• **INFORMATION SUPPLIED**:
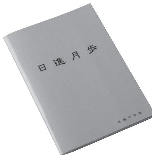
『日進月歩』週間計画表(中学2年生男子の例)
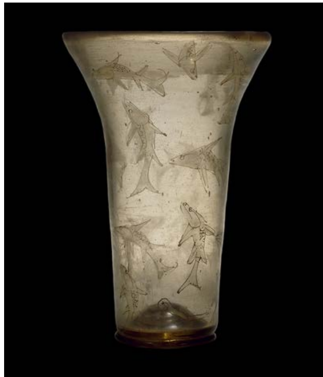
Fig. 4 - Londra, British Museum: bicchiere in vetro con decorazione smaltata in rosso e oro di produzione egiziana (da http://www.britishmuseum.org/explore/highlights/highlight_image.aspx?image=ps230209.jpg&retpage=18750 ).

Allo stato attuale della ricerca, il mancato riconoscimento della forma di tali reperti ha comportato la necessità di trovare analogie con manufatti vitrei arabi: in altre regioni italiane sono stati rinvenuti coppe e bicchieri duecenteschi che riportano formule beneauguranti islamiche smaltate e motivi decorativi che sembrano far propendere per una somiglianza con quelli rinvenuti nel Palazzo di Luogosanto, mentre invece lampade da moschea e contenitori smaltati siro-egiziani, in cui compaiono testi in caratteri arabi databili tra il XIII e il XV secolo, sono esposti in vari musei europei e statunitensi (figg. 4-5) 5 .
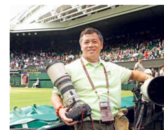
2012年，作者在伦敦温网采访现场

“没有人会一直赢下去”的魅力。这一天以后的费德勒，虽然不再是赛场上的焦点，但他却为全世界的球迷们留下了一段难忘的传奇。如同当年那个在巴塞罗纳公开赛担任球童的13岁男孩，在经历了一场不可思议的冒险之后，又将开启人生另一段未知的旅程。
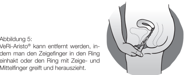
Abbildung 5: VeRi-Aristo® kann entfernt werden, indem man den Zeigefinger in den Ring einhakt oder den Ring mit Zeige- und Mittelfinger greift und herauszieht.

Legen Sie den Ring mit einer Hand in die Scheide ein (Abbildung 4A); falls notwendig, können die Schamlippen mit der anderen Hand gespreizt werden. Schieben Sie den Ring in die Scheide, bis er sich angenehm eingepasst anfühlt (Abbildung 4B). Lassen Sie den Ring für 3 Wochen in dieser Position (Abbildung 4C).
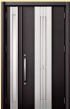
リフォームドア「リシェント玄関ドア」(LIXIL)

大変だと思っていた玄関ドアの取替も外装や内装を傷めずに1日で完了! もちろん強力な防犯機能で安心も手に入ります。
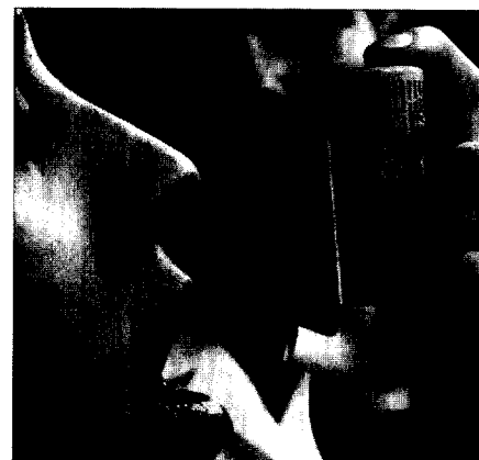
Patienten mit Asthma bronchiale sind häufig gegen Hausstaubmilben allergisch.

• **EXERCISE AIM**:
Write back word for word every line in the entries above from the one with "Legen Sie den" to the one with "大変だと思っていた玄関ドアの", ends included, and none of the pictures.

• **EXERCISE ANSWER**:
Legen Sie den Ring mit einer Hand in die Scheide ein (Abbildung 4A); falls notwendig, können die Schamlippen mit der anderen Hand gespreizt werden. Schieben Sie den Ring in die Scheide, bis er sich angenehm eingepasst anfühlt (Abbildung 4B). Lassen Sie den Ring für 3 Wochen in dieser Position (Abbildung 4C).
リフォームドア「リシェント玄関ドア」(LIXIL)

大変だと思っていた玄関ドアの取替も外装や内装を傷めずに1日で完了! もちろん強力な防犯機能で安心も手に入ります。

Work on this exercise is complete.